Manage sequence rules via the API

Enable sequence rules

  1. Create an API token if you do not already have one. The API token must include the Zone > Fraud Detection > Edit permission.
  2. Get the zone ID for the zone(s) where you want to enable sequence rules.
  3. Add the endpoints that you want to track in your sequence rules using API Shield's Endpoint Management and make note of the short ID.
  4. Enable the sequence cookie by adding your API token and zone ID to the following API call.
API call
curl --request PUT \
https://api.cloudflare.com/client/v4/zones/{zone_id}/fraud_detection/sequence_cookies \
--header "Authorization: Bearer <API_TOKEN>" \
--header "Content-Type: application/json" \
--data '{"enabled": true}'
  1. Use the expression editor to write sequence or timing based rules via custom rules, rate limiting rules, or transform rules. You can put these rules in log only mode to monitor.

Once you have enabled sequence rules, the rules fields will be populated and you can now use the new fields in your rules.

Disable sequence rules

Disabling sequence rules will stop the rules fields from being populated.
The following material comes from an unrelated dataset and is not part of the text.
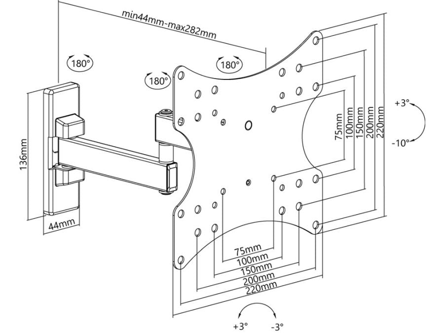 - The wall mount keeps the TV in the position with only 44mm elegantly flat and space-saving on the wall and can be extended up to 282mm to achieve the optimal viewing angle.

If you still have rules deployed which depend on these fields, those rules may not behave as intended. Remove or disable any rules that rely on sequence fields before disabling sequence rules.

To disable sequence rules:

  1. Create an API token if you do not already have one. The API token must include the Zone > Fraud Detection > Edit permission.
  2. Get the zone ID for the zone(s) where you want to enable sequence rules.
  3. Add the endpoints that you want to track in your sequence rules using API Shield's Endpoint Management and make note of the short ID.
  4. Disable the sequence cookie using your API token, zone ID, and by setting enabled to false on the following API call.
API call
curl --request PUT https://api.cloudflare.com/client/v4/zones/{zone_id}/fraud_detection/sequence_cookies \
--header "Authorization: Bearer <API_TOKEN>" \
--data '{"enabled": false}'

Rules fields

Sequence rules introduces three new fields to Cloudflare Rules. All of these fields reference operations by their short ID. Accounts that have the Fraud Detection subscription can refer to the short ID by viewing the endpoint details via API Shield > Endpoint Management in the Cloudflare dashboard. Accounts without Fraud Detection do not have access to this field.
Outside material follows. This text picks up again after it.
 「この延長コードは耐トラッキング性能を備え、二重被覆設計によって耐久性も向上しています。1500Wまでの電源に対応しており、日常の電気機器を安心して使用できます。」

Cloudflare only stores up to the 10 most recent operations in a sequence for up to one hour. If there are more than 10 operations in the sequence, older operations will be dropped and will not be included in the following fields. Similarly, if an operation happened more than one hour ago, it will also not be included in the following fields.

Example rules

The customer must request endpoint A before endpoint B.

Valid sequence
cf.sequence.current_op eq "bbbbbbbb" and
any(cf.sequence.previous_ops[*] == "aaaaaaaa")
Invalid sequence
cf.sequence.current_op eq "bbbbbbbb" and
not any(cf.sequence.previous_ops[*] == "aaaaaaaa")
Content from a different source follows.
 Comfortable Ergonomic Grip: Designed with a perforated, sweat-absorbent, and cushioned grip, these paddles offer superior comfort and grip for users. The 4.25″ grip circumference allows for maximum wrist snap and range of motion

Customer must request endpoint A at least one second before endpoint B.

Valid sequence
cf.sequence.current_op eq "bbbbbbbb" and
cf.sequence.msec_since_op["aaaaaaaa"] ge 1000
Invalid sequence
cf.sequence.current_op eq "bbbbbbbb" and
not cf.sequence.msec_since_op["aaaaaaaa"] ge 1000

Limitations

Cloudflare only supports HTTPS requests since our cookies set the Secure attribute.